Nuclear waste transportation could prove deadly, says former city councillor (December 2014)

BY KRISTIN ANNABLE, WINNIPEG SUN
SUNDAY, DECEMBER 28, 2014 08:33 PM CST

A former city councillor fears Manitoba could turn into a major hub for nuclear waste transportation in the next 20 years.

Donovan Carter, who served on Winnipeg council from 1988-1992, wrote an open letter to Premier Greg Selinger last month that was published in the Sun. He asked him to reveal the province’s stance on the contentious issue of border town Creighton, Sask., playing host to a billion-dollar nuclear waste storage facility.

The town is located about 770 km north of Winnipeg and is across the provincial boundary from Flin Flon.

"A severe accident on a highway or a railway, which causes a nuclear waste shipping container to rupture, then we are talking a high-level of radioactive activity," Carter warned, citing it would be at a disaster of a much larger scale than the Lac-Mégantic explosion. "Small town fire departments in rural communities, are they capable of serving as first responders? I would say not."
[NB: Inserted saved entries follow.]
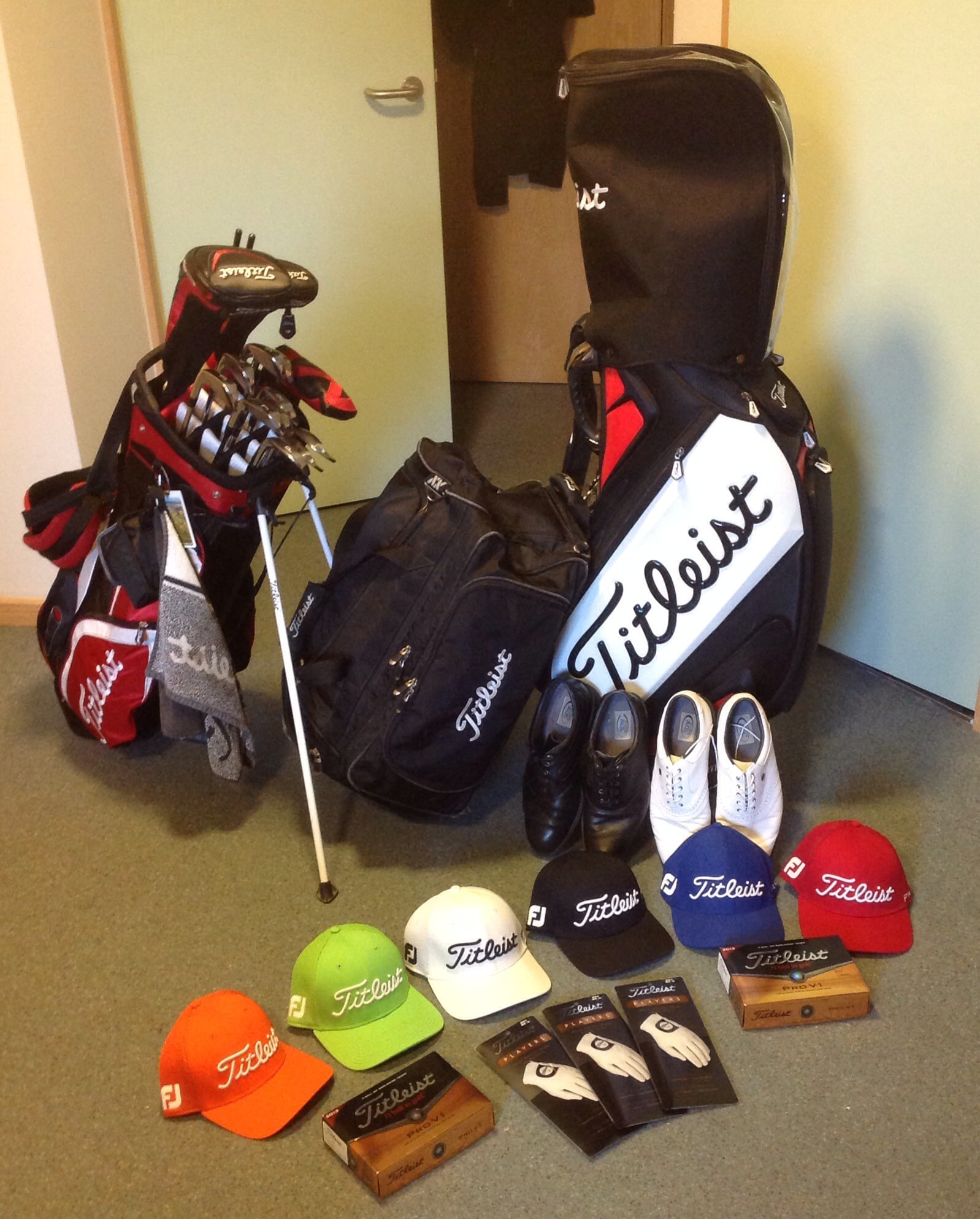 last pic is of most of my Titleist gear few bits missing...such as new FJ Contours and my Practice Shag Bag and FJ Polo.
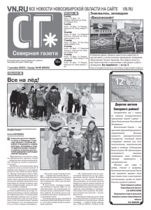 16+ Еженедельная газета Северного района. Основана 20 июля 1935 года ГАЗЕТА ПРОДАЁТСЯ ВО ВСЕХ ПОЧТОВЫХ ОТДЕЛЕНИЯХ РАЙОНА! ВСЕ НОВОСТИ НОВОСИБИРСКОЙ ОБЛАСТИ НА САЙТЕ VN.RU 7 декабря 2022 г. Среда, №49 (8990) Северная газета 8 декабря Ночью: –20. Днем: –15. Пасмурно, небольшой снег. Ветер юго-западный, 6 м/с. 9 декабря Ночью: –18. Днем: –13. Пасмурно, небольшой снег. Ветер западный, 6 м/с. 10 декабря Ночью: –21. Днем: –13. Переменная облачность, небольшой снег. Ветер северо-западный, 5 м/с. 11 декабря Ночью: –26. Днем: –19. Ясно. Ветер северо-западный, 2 м/с. 12 декабря Ночью: –26. Днем: –17. Переменная облачность, небольшой снег. Ветер юго-западный, 4 м/с. 13 декабря Ночью: –16. Днем: –12. Пасмурно, сильный снег. Ветер северный, 5 м/с. 14 декабря Ночью: –24. Днем: –13. Пасмурно, небольшой снег. Ветер северный, 7 м/с. ПОГОДА В Северном районе побывала заместитель директора по научной работе и экологическому просвещению заповедника «Васюганский» Татьяна Черникова. Она провела встречи с местными жителями и школьниками и рассказала о работе заповедника. Все подробности — на стр. 5. СОБЫТИЕ Все на лёд! Алёна МАТВЕЕВА JОткрытие крытого ледового катка в Северном в этом году прошло с особым размахом. Специалисты отдела культуры, молодежи и спорта администрации Северного района устроили для жителей райцентра настоящий зимний праздник. Мероприятие состоялось в рамках федерального проекта «Спорт —норма жизни» всероссийской акции «Открытие зимнего спортивного сезона». Особенно долгожданным было открытие катка для школьников. В первый день проката от желающих встать на лед отбоя не было. Педагог Центра дополнительного образования Полина Лебедева провела со всеми желающими небольшую разминку. Было предложено выполнить несколько заданий: прокатиться паровозиком по четыре человека, проехать змейкой вокруг конусов, провести шайбу клюшкой. Создать праздничную атмосферу помогли работники культуры, перевоплотившись в героев любимых мультфильмов. Кто-то сегодня впервые примерил коньки, а кто-то достаточно уверенно стоит на льду. В любом случае положительные эмоции получили все: и те, кто прокатился, и те, кто был в группе поддержки. —На каток я хожу второй год подряд, — говорит школьница Настя. — Мы с подружками весело проводим время, нам очень нравится. Открытия площадки в этом году мы ждали особенно. В подготовке ледового покрытия приняли участие МКУ по хозяйственному обслуживанию муниципальных учреждений Северного района. В течение всего сезона именно они будут проводить обслуживание катка. Администратор при хоккейной площадке Дмитрий Багров отмечает, что в день открытия был особенный ажиотаж: — По нормативам мы не имеем права выпускать на лед одновременно много людей. В нашем прокате есть 60 пар коньков разных размеров, но сегодня многим пришлось ждать своей очереди из соображения безопасности на льду. Наши работники регулярно напоминали отдыхающим о соблюдении скоростного режима. Безопасность наших посетителей—на первом месте. Хоккейная площадка ждет своих посетителей шесть дней в неделю: со вторника по воскресенье, кроме пятницы— с 14:00 до 21:00; в пятницу с 12:00 до 14:00 и с 15:00 до 21:00. Знакомьтесь, заповедник «Васюганский»! Фото А. Матвеевой На открытии крытого катка было многолюдно и весело Дорогие жители Северного района! Поздравляем вас с одним из главных государственных празднико
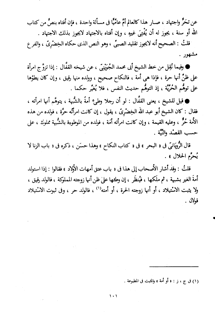 قيل للشَّيْخ يعْنى الْقفال لَو أَن رجلا وطئ أمة بِالشُّبْهَةِ يتَوَهَّم أَنَّهَا امْرَأَته فَقَالَ كَانَ الشَّيْخ أَبُو عبد الله الخضرى يَقُول إِن كَانَت امْرَأَته حرَّة فولده من هَذِه الْأمة حر وَعَلِيهِ الْقيمَة وَإِن كَانَت امْرَأَته أمة فولده من الْمَوْطُوءَة بِالشُّبْهَةِ مَمْلُوك على حسب الْقَصْد وَالنِّيَّة
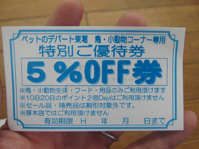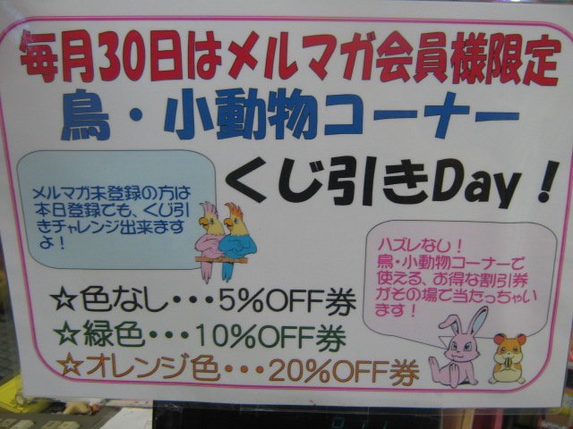 鳥さんや小動物のフードや飼育用品をお買い上げ頂き(もちろん、生体でもOKよん!)
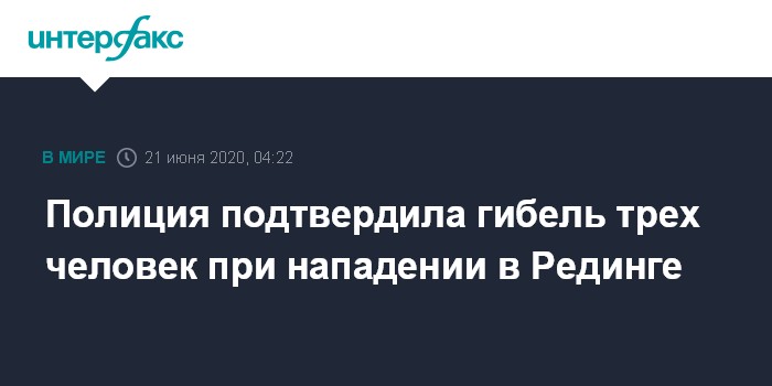 Москва. 21 июня. INTERFAX.RU - Территориальное отделение полиции Темс-Валли подтвердило сообщения СМИ о гибели по меньшей мере трех человек в результате нападения с ножом в субботу вечером в парке британского города Рединга.
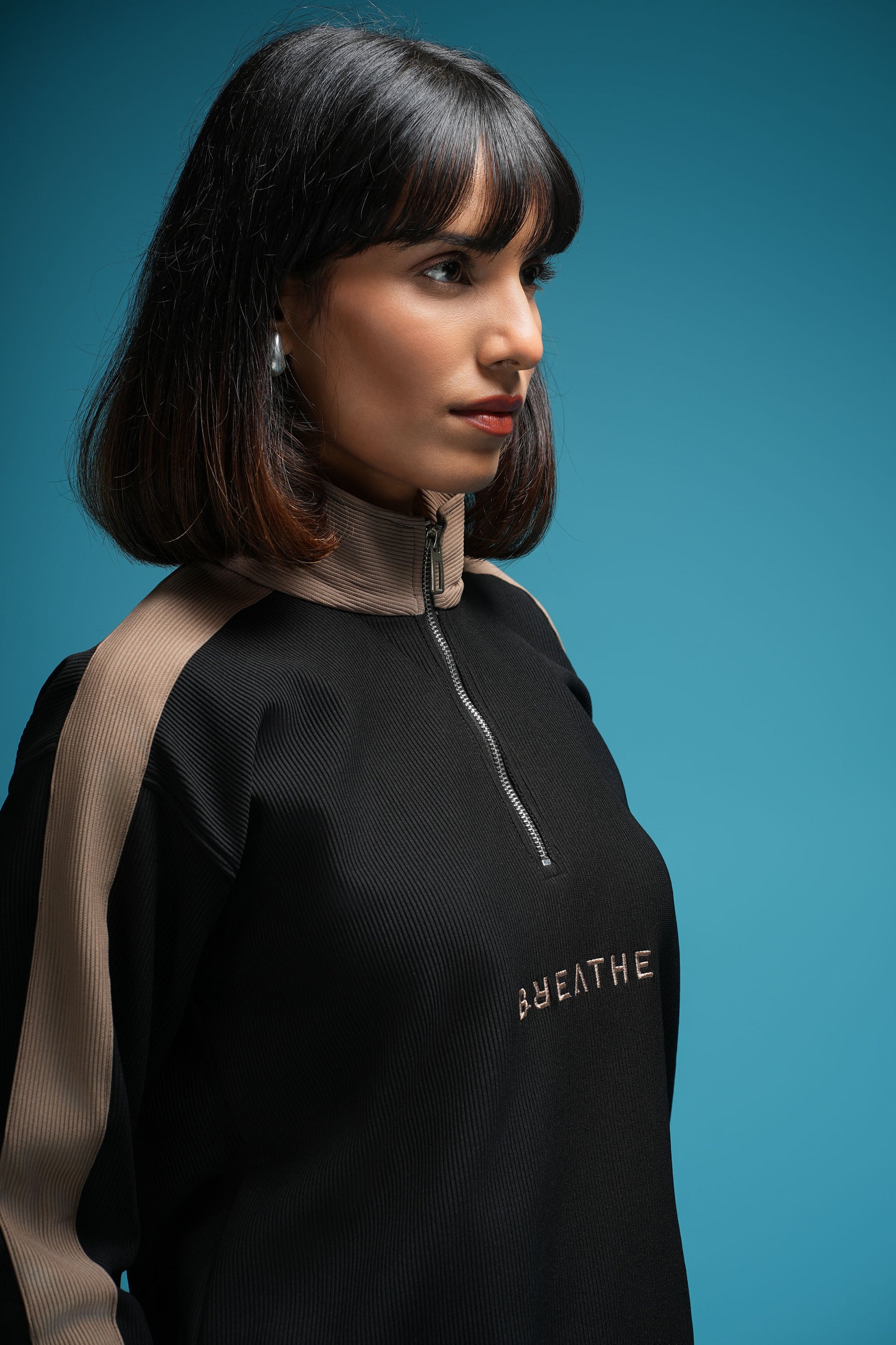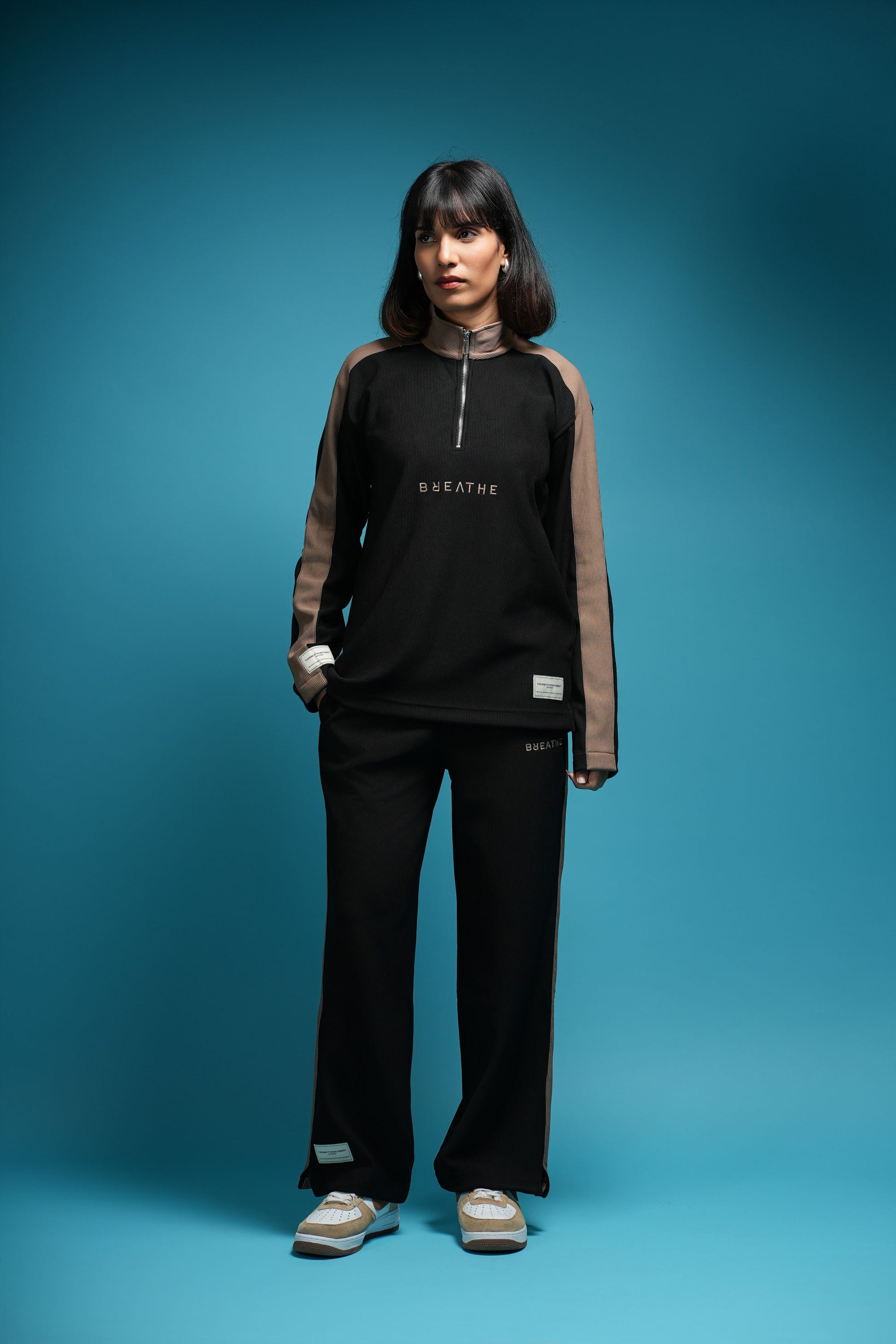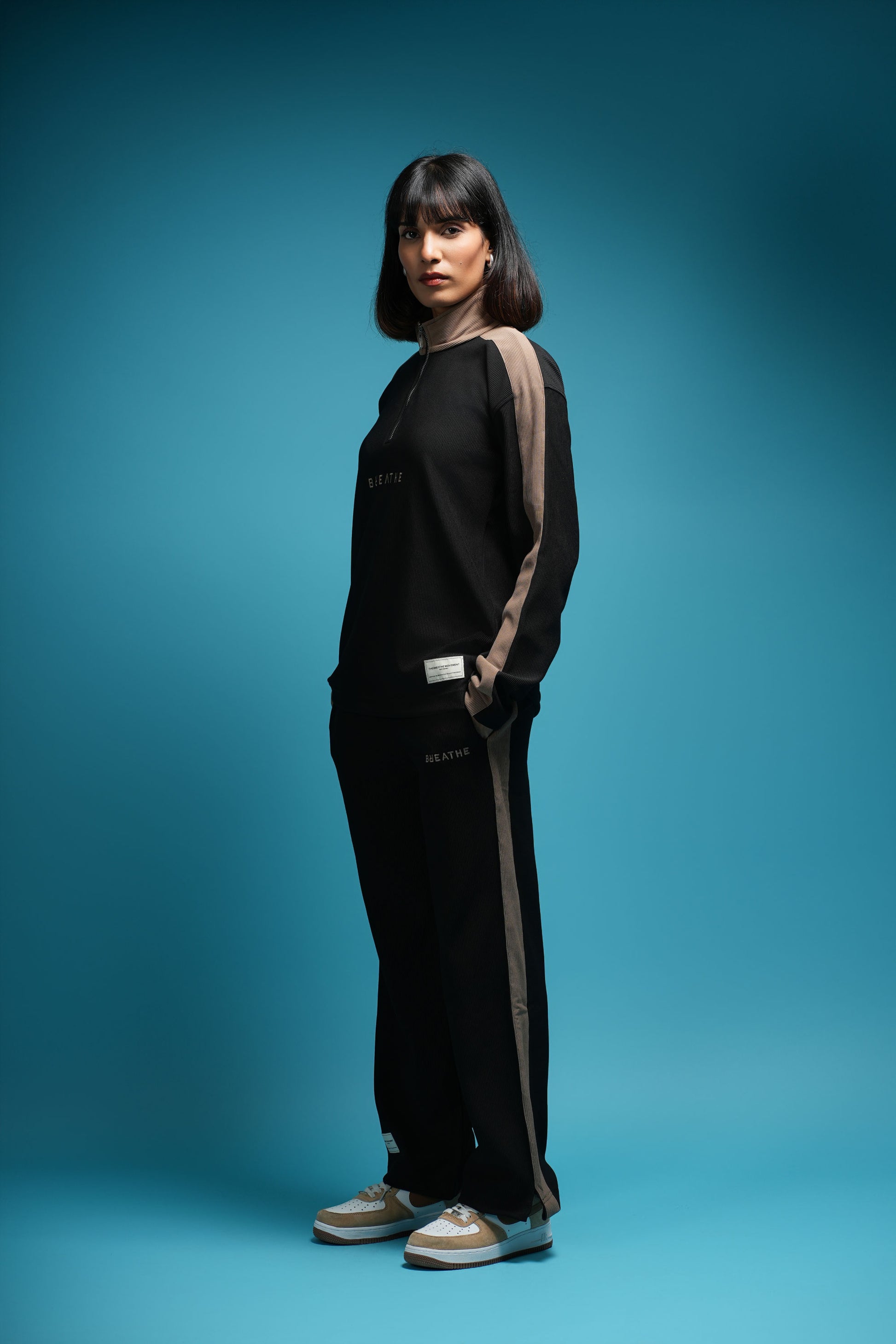 - ENGINEERED FOR THOSE WHO LIVE IN MOTION, THIS CORD SET BLENDS ELEVATED STREETWEAR WITH A TAILORED ATHLETIC EDGE. CRAFTED FROM A PREMIUM TEXTURED FABRIC, THE DEEP BLACK BASE IS CUT WITH PRECISION SAND PANELS THAT RUN ALONG THE SLEEVES AND SHOULDERS, CREATING A CLEAN YET DYNAMIC CONTRAST THAT ELONGATES THE FRAME AND ADDS INSTANT VISUAL RHYTHM. THE HALF-ZIP FUNNEL NECK GIVES THE TOP A VERSATILE, MODERN SILHOUETTE — WEAR IT ZIPPED FOR A SLEEK, STREAMLINED LOOK OR OPEN FOR RELAXED LAYERING. MINIMALIST BREATHE BRANDING ACROSS THE CHEST AND THIGH IS EXECUTED IN TONAL EMBROIDERY, KEEPING THE FOCUS ON FORM AND CONSTRUCTION WHILE HINTING AT UNDERSTATED LUXURY.
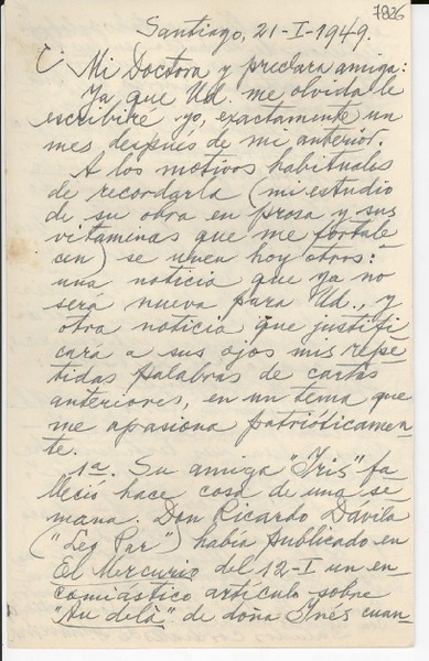 [Carta] 1949 ene. 21, Santiago [a] Gabriela Mistral [manuscrito] J. Saavedra.
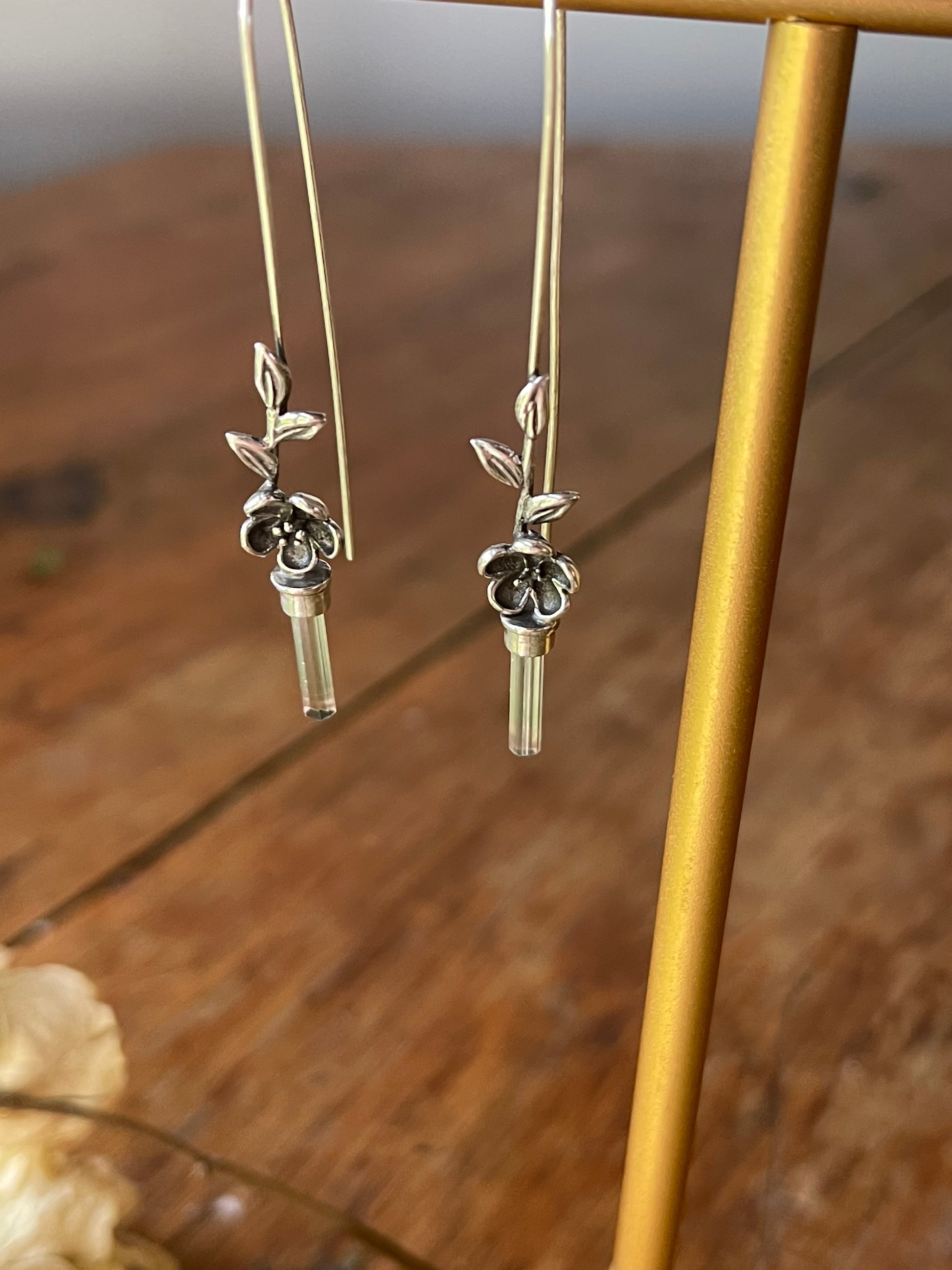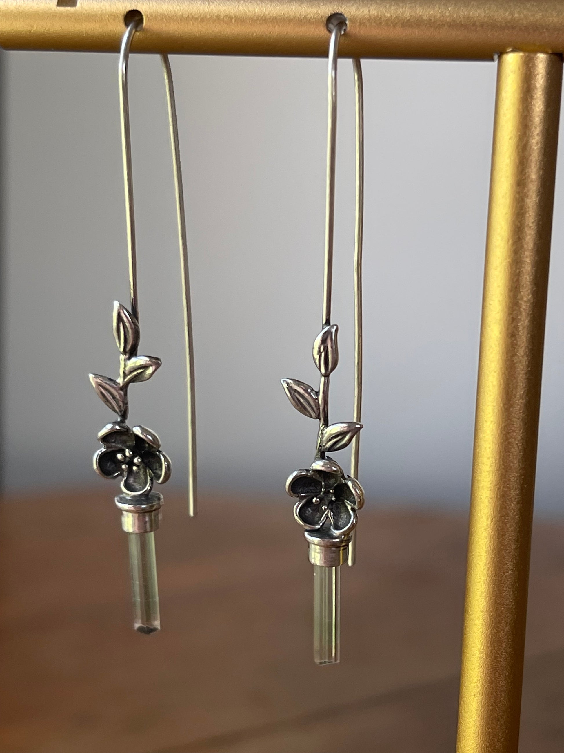 Graceful and full of quiet bloom, Blooms on the Vine earrings bring natural elegance to every movement. Handcrafted in sterling silver, each pair features stunning Afghani Watermelon Tourmaline crystals—light green with soft blush-pink tips, like spring captured in stone. Climbing up each crystal are solid silver cherry blossom flowers and delicate leaves, adding a touch of botanical romance. Long, lightweight, and refined, these earrings are easy to wear and safe for sensitive ears—perfect for those who love their sparkle with a story.
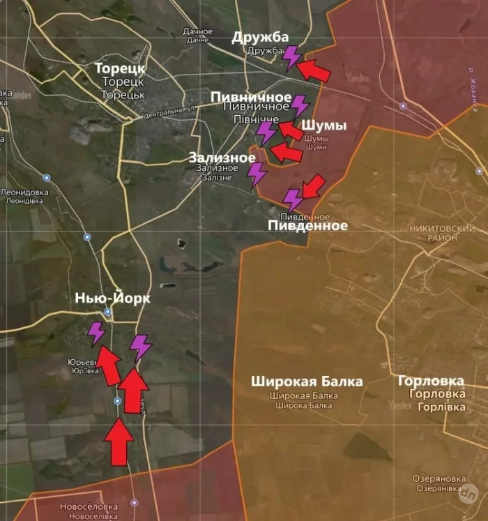На Константиновском направлении подразделения ВС РФ продолжают выдавливать остатки сил противника с позиций к востоку от канала Северский Донец - Донбасс. Основная часть украинских формирований на нашей стороне остаётся в районе урочища Орлова, что располагается между Калиновкой и микрорайоном Канал.
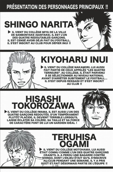Ces élèves bagarreurs vont apprendre ce qu'est vraiment le respect sur un terrain.Des graphismes très réalistes qui nous emportent dans un univers difficile où les poings vont plus viteque les mots.Un manga qui plaira aux lecteurs hermétiques au foot.

Currently, Creighton is on the shortlist with 12 other communities by the Nuclear Waste Management Organization (NWMO), a non-profit organization tasked by the federal government to determine a long-term solution for nuclear waste, as a possible site for the storage facility. It is the only site located outside of Ontario.

Last week, a blanket statement by the province on the issue was sent to the Flin Flon Reminder, a weekly newspaper that serves Flin Flon and surrounding communities.

"Transporting used nuclear fuel could begin in 2035 at the earliest," read part of the statement. "We look forward to working cooperatively with the federal government and regulating bodies to ensure safe transportation route through our province."

The statement concerned Carter, who says it is a sign the province will not attempt to stand up to federal regulators.

The transportation of radioactive material falls under federal jurisdiction, meaning the province cannot legislate how and where it is transported.

However, Carter worked with the activist group Concerned Citizens of Manitoba in the 1980’s to get the Howard Pawley government to ban storing nuclear waste in 1987 and wants to see the Selinger government stand up to the federal government.

He believes Creighton will be the likely victor in the race, due to its proximity to the Churchill and accessibility to the American border, plus Manitoba’s truck/rail routes from Ontario to Saskatchewan.

According to the NWMO, with sufficient effort, nuclear waste can be transported safely, citing countries such as Sweden and France that frequently transport waste without incident.